These observations prompted the present retrospective study, carried out in a large cohort of FTD patients sub-grouped according to the global CDR plus NACC FTLD scale, which was aimed at (1) characterizing the clinical and behavioural features of prodromal FTD, as compared to more advance stages of FTD; (2) defining the rate of conversion of prodromal FTD to fully symptomatic disease at one-year follow-up; and (3) assessing the predictors of progression, considering serum NfL levels.

Methods

Participants

This retrospective study included a consecutive sample of 563 participants from the Centre for Neurodegenerative Disorders, Department of Clinical and Experimental Sciences, University of Brescia, Italy.

Each participant underwent a neurological evaluation, routine laboratory examination and a standardized neuropsychological and behavioural assessment, as previously reported [20].

In all FTD cases, the diagnosis was supported by brain structural imaging, while CSF concentrations of tau, p-Tau181 and Aβ1-42 or PET amyloid were measured in a subset of cases (n = 223), to rule out Alzheimer’s disease, as previously reported [21]. Furthermore, in familial cases (based on the presence of at least one dementia case among first-degree relatives) and early onset sporadic cases, genetic screening for GRN, C9orf72 and MAPT P301L mutations was performed; given the low frequency of MAPT mutations in Italy [22], we considered only the P301L mutation and we sequenced the entire MAPT gene only in selected cases.

Clinical evaluation

At baseline, patients underwent a standardized neuropsychological battery which included the Mini-Mental State Examination (MMSE), the short story recall test, the Rey complex figure (copy and recall), phonemic and semantic fluencies, the token test, the clock-drawing test and the trail making test (part A and part B) [23].

The level of functional independence was assessed with the basic activities of daily living (BADL) and the instrumental activities of daily living (IADL) questionnaires, whereas neuropsychiatric and behavioural disturbances were evaluated with the Frontal Behaviour Inventory (FBI) [24].

Disease severity was assessed using the global CDR plus NACC FTLD [8, 9]. Prodromal FTD was defined to reflect mild cognitive or behavioural impairment with relatively preserved functional independence, corresponding to a global CDR plus NACC = 0.5; patients with a mild dementia syndrome were classified with a global CDR plus NACC = 1; patients with a moderate or severe dementia syndrome were classified with a global CDR plus NACC = 2 or 3, respectively [8]. To confirm the diagnosis of prodromal FTD, all patients had a follow-up evaluation that confirmed eventual conversion to dementia, or were carriers of a pathogenic FTD mutation.

Disease progression was defined as a transition to a higher global CDR plus NACC score at 1-year follow-up, whereas no progression was defined when an equal or reduced global CDR plus NACC score was recorded at follow-up.
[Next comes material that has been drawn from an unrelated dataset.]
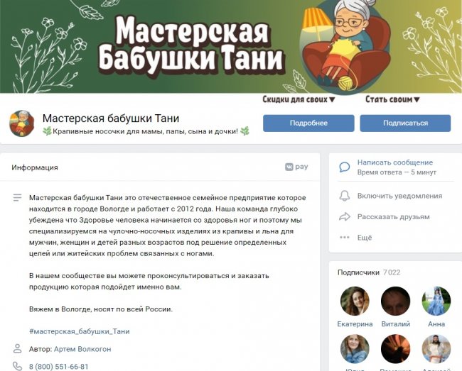 Для аватара выберите логотип или изображение, которое дает представление о виде деятельности. Если это личная страница — портрет. В данном случае на аватарке автор и изделие — хорошо
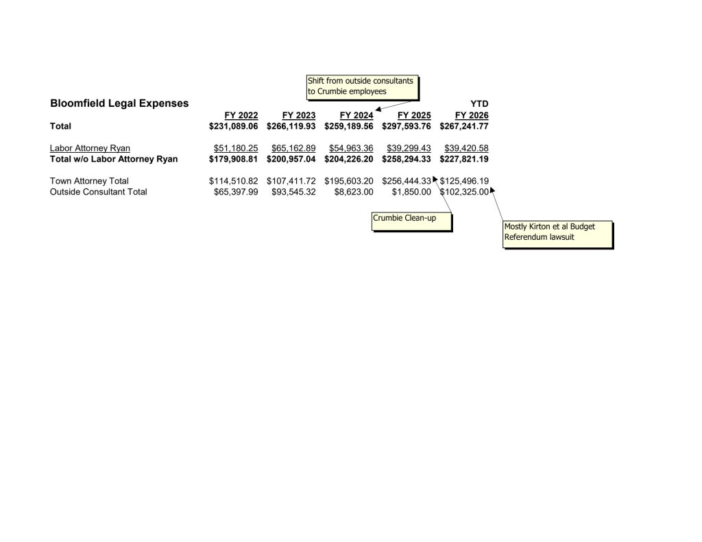 - Before FY 2024, most of Bloomfield’s legal work was outsourced under the prior Town Attorney. With Attorney Crumbie’s broader legal operation, much of that work was brought back in-house, saving on outside consultant fees. Unlike the former town attorney, who essentially was a one-person operation, the current town attorney has a full-service law firm and dedicates 3-4 attorneys to handling Bloomfield work at reduced rates.

One-year follow-up data was available for 258 participants.

NfL measurements

A subgroup of patients (n = 192) underwent blood collection for serum NfL measurement; 63 healthy controls (HC) (age 67.0, IQR 61.0–74.0 years) were recruited among spouses or caregivers as reference.

Serum was collected by venipuncture, processed and stored in aliquots at – 80 °C according to standardized procedures. Serum NfL was measured by single-molecule array (Simoa) technology on an HD-X Analyzer using the commercial NF-light® assay according to the manufacturer’s instructions (Quanterix, Billerica, MA). Detailed analytical procedures and assay validation have been previously described [15]. The lower limits of quantitation for serum NfL were 0.174 pg/mL. The measurements were performed out in one round of experiments using the same batch of reagents, and the operators were blinded to all clinical information. Quality control samples had intra-assay and inter-assay coefficients of variation of less than 8 and 20%, respectively.

Statistical analysis

Continuous and categorical variables are reported as median (interquartile range) and n (%) respectively. Baseline demographic and clinical variables were compared across groups using one-way Kruskal-Wallis or Fisher’s tests, as appropriate. Differences in NfL levels between groups were compared by using the rank-based nonparametric analysis of covariance (ANCOVA) method, with age as a covariate [25]. We reported marginal mean differences with 95% confidence intervals (95% CI) for relevant comparisons.

To assess the contributions of patient characteristics (sex, age, education, presence of genetic mutation, disease duration, clinical phenotype, FBI, MMSE) and NfL levels to disease progression, we developed multilevel univariable and multivariable logistic regression models considering the time- and severity-dependent nature of independent variables throughout different global CDR plus NAAC FTLD groups. To avoid overfitting in the model, variables were chosen based on previous findings [19, 26,27,28,29,30]. Moreover, multicollinearity was checked and only variables with a variance inflation factors (VIF) < 3 were included. Linearity of the continuous variables with respect to the logit of the dependent variable was assessed via the Box-Tidwell procedure [31]. Based on this assessment, all continuous independent variables were found to be linearly related to the logit of the dependent variable. For each factor, odds ratios (ORs) and 95% confidence intervals (CIs) are reported.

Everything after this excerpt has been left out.